Une telle aspiration à la démocratie n’est-elle pas un véritable cauchemar pour Israël ? Une telle émancipation, qui risquerait de révéler que la seule démocratie dans le Moyen-Orient n’est en fait que le seul apartheid drapé dans l’un des fanatismes les plus cruels. Le seul État qui considère que les non-juifs ne sont que des goyim dont l’écrasement est la condition sine qua non pour édifier la cité vertueuse qui a pour ennemis jurés les deux F : la Fraternité et les Frontières.

Qui aurait imaginé que tout cela serait renversé sens dessus dessous ? Les promoteurs de l’action du 7 octobre n’ont nullement prévu de telles retombées. Pourtant, ne l’ont-ils pas baptisée « le déluge d’al-Aqssa »? Qui nierait que le déluge est là ? Sa boue submerge Gaza avec ses horreurs, ses cadavres déchiquetés par les chiens errants.

Sommes-nous devant une justice transcendante ou immanente ? Israël ne s’est-il pas injecté le mal qu’il s’est évertué à infliger à ses pauvres ennemis ? Regardons les choses de plus près : Israël qui s’admirait dans son miroir n’a-t-il pas l’apanage de la suprématie ? N’est-il pas l’étalon de vertu et le symbole d’une modernité étincelante ? N’a-t-il pas imposé une telle évidence devenue doxa glorifiée et célébrée unanimement !
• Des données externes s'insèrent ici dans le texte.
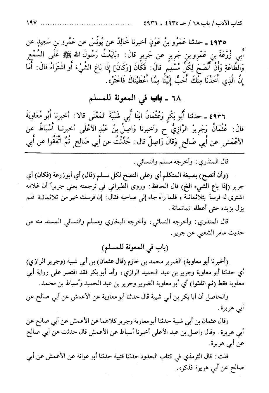 قَالَ الْمُنْذِرِيُّ وَأَخْرَجَهُ النَّسَائِيُّ وَأَخْرَجَهُ الْبُخَارِيُّ وَمُسْلِمٌ وَالنَّسَائِيُّ الْمُسْنَدُ مِنْهُ مِنْ حَدِيثِ عَامِرٍ الشَّعْبِيِّ عن جرير

Le miroir glorifiant sa suprématie  s’est brisé en mille morceaux

Et voilà, après le « déluge », le miroir glorifiant une telle suprématie n’est-il pas brisé en mille morceaux ? Ainsi, l‘État parangon de vertu apparait pataugeant jusqu’à s’étrangler dans le sang de ses innocentes victimes. Une vulgarité grossière mal informée éclate en plein jour. Celle qui veut d’un coup de sabre éliminer tout un peuple de la surface de la terre. Nous voilà en face d’un État qui se drape des oripeaux d’une modernité ensorcelante bien qu’il n’ait jamais quitté sa tribu d’un autre âge !

L’orage qui secoue le sionisme messianique en le dépouillant de ses caftans de parade

Les historiens s’arrêteront longtemps sur cette étape charnière de l’histoire moyen-orientale. Comment se fait-il que les valeurs se soient inversées ? Comment se fait-il que la bigoterie ait changé de camp ? Comment se fait-il que la victime de l’horreur nazie se soit transformée en bourreau ? Tout en instrumentalisant scandaleusement sa religion pour la convertir en une brochure politique, en un cadastre et une recette de cuisine, si ce n’est un tabernacle de haine vengeresse ? Comment l’archaïsme arabo-musulman se mue en quête d’un autre possible, alors qu’Israël verse dans une mégalomanie digne d’un Caligula nommant ministre l’un de ses chevaux les plus fanatiques !

En effet, ledit déluge a changé la donne. L’immense admiration, l’immense sympathie envers l’État juif se muent en exécration indignée, et en un sentiment d’avoir été manipulé et même leurré.

Seuls les boursicoteurs et les fourbes résistent face à un tel orage qui secoue le sionisme messianique en le dépouillant de ses caftans de parade, qui ont longtemps ébahi les gogos et suscité les applaudissements serviles.